Other art education was through private schools and tutelage, which is how any women in Britain who aspired to be an artist got training, unless she went abroad to study. In 1860 the RA started admitting women students – almost by mistake. Selection was by submitted drawings, and when L. Herford turned up, what was assumed to be a Lawrence turned out to be a Laura.

By 1862 there were seven women among an intake of about 25 students a year, and before long they outnumbered the male students – who had migrated to Paris, where the drawing instruction was superior (says Stuart Macdonald in The History and Philosophy of Art Education, 1969) . All students at the RA Schools “spent five or more years in tedious imitation” – and women were banned from life drawing until 1893.

Cast collection in the life drawing room, 2010

Cast collection in the life drawing room, 2010

By the beginning of the 20th century the RA Schools had further competition in the form of the Slade and the Royal College of Art, and the quality of its students declined. Attempts to widen the curriculum to include decorative art got nowhere – it was confined to life-sized painting from the head, and painting and drawing from the nude figure.

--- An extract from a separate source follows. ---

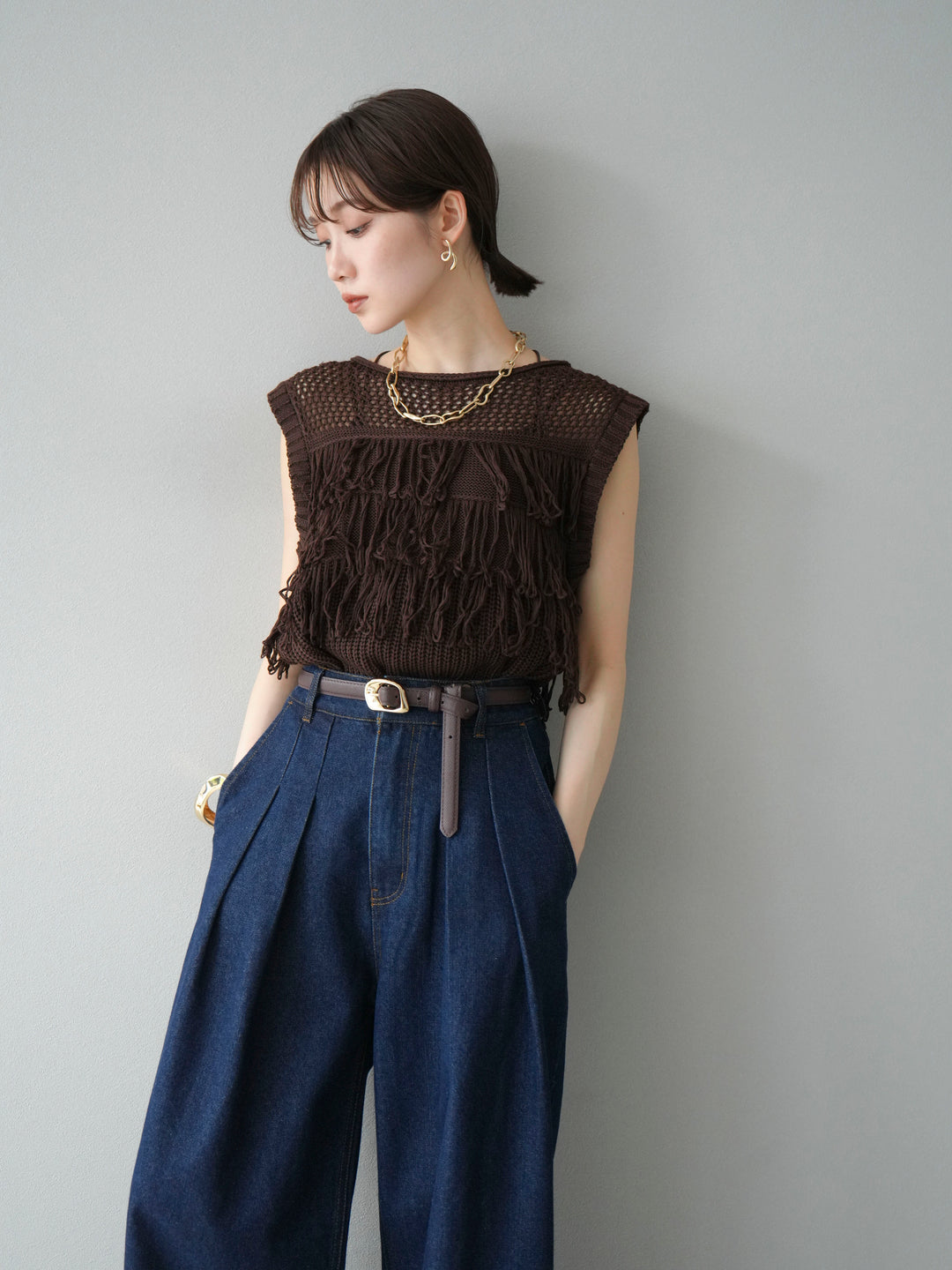 [預訂] 褶飾喇叭吊帶套頭衫/棕色

Lecture to art and architecture students, 1953 (via)

Lecture to art and architecture students, 1953 (via)

The course lasted up to 10 years before 1853; it runs for three years now, and there are about 60 students in the Schools at a time, doing this postgraduate course. In 1769, 70 students were admitted; then as now, they do not pay fees.

 

Angelika Kauffmann's paintings on the ceiling in the entrance of the RA are hardly noticed by visitors (via)

Angelika Kauffmann’s paintings on the ceiling in the entrance of the RA are hardly noticed by visitors (via)

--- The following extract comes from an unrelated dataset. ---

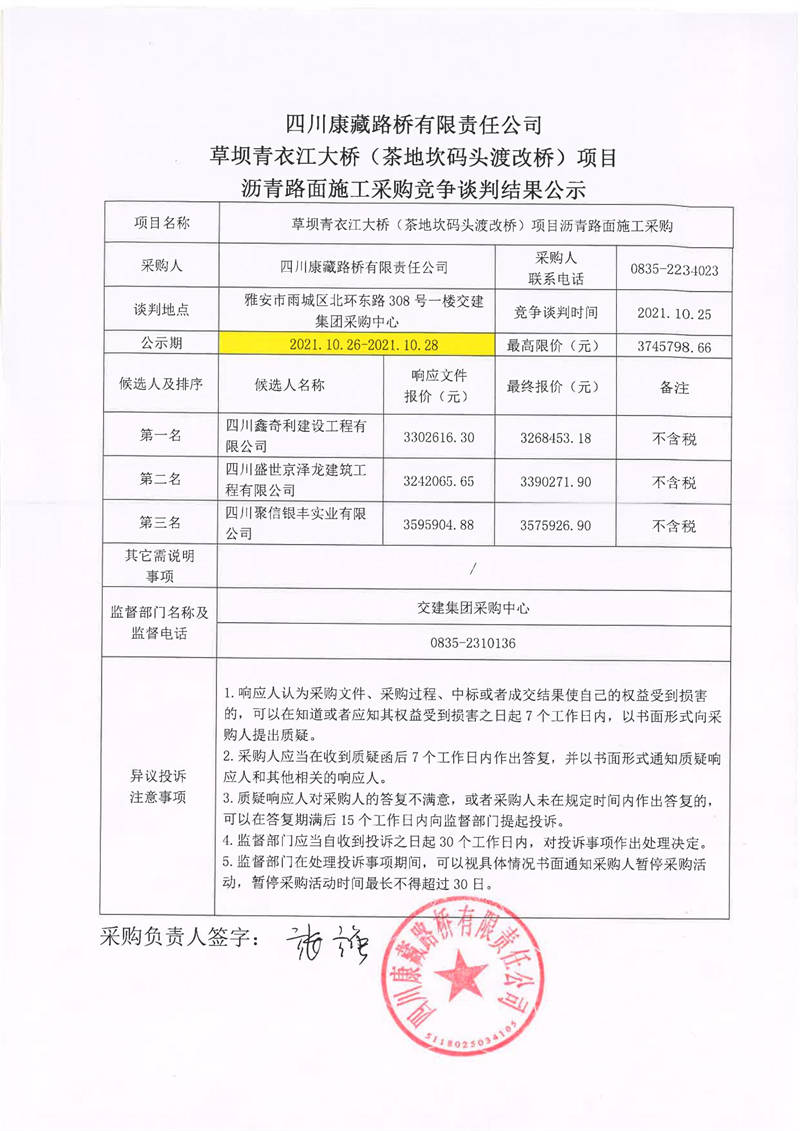 四川康藏路橋有限責(zé)任公司草壩青衣江大橋(茶地坎碼頭渡改橋)項(xiàng)目瀝青路面施工采購競(jìng)爭(zhēng)談判結(jié)果公示

Spring by Mary Moser (via)

Spring by Mary Moser (via)

Two women, Angelika Kauffmann and Mary Moser, were among the 36 founding members of the RA, but for a long time (until Annie Swynnerton became an associate in 1922, and Laura Knight a full member in 1936) there were no women academicians. Up to 80 practising artists are elected to be academicians ; these currently include 26 women.

 

Academicians are involved in teaching in the Schools and give lectures as part of the RA’s education programme. In 2011 Tracy Emin and Fiona Rae were the first women to be appointed professors, of drawing and painting respectively.

Tracey Emin

Tracey Emin (via)

fiona rae (via)

fiona rae (via)

And now, some work from the current graduates. They’ve had three years with free tuition … but first had to be chosen from some 1000 applicants!

Hold (hole and Plexiglas pole) by Ariane Schick … with a view through to the corridor

Hold (hole and Plexiglas pole) by Ariane Schick … with a view through to the corridor

 

Natalie Dray, part of Zone Heater

Natalie Dray, part of Zone Heater (feel the warmth…) and of 6 Sheet

Hannah Perry, Feeling It, wall-based sound sculpture (it shakes, rattles, and rolls)

Hannah Perry, Feeling It, wall-based sound sculpture (it shakes, rattles, and rolls)

 

Work by Alex Clarke

Work by Alex Clarke

Up the stairs and you’re in the public part of the RA’s grand building … a different place.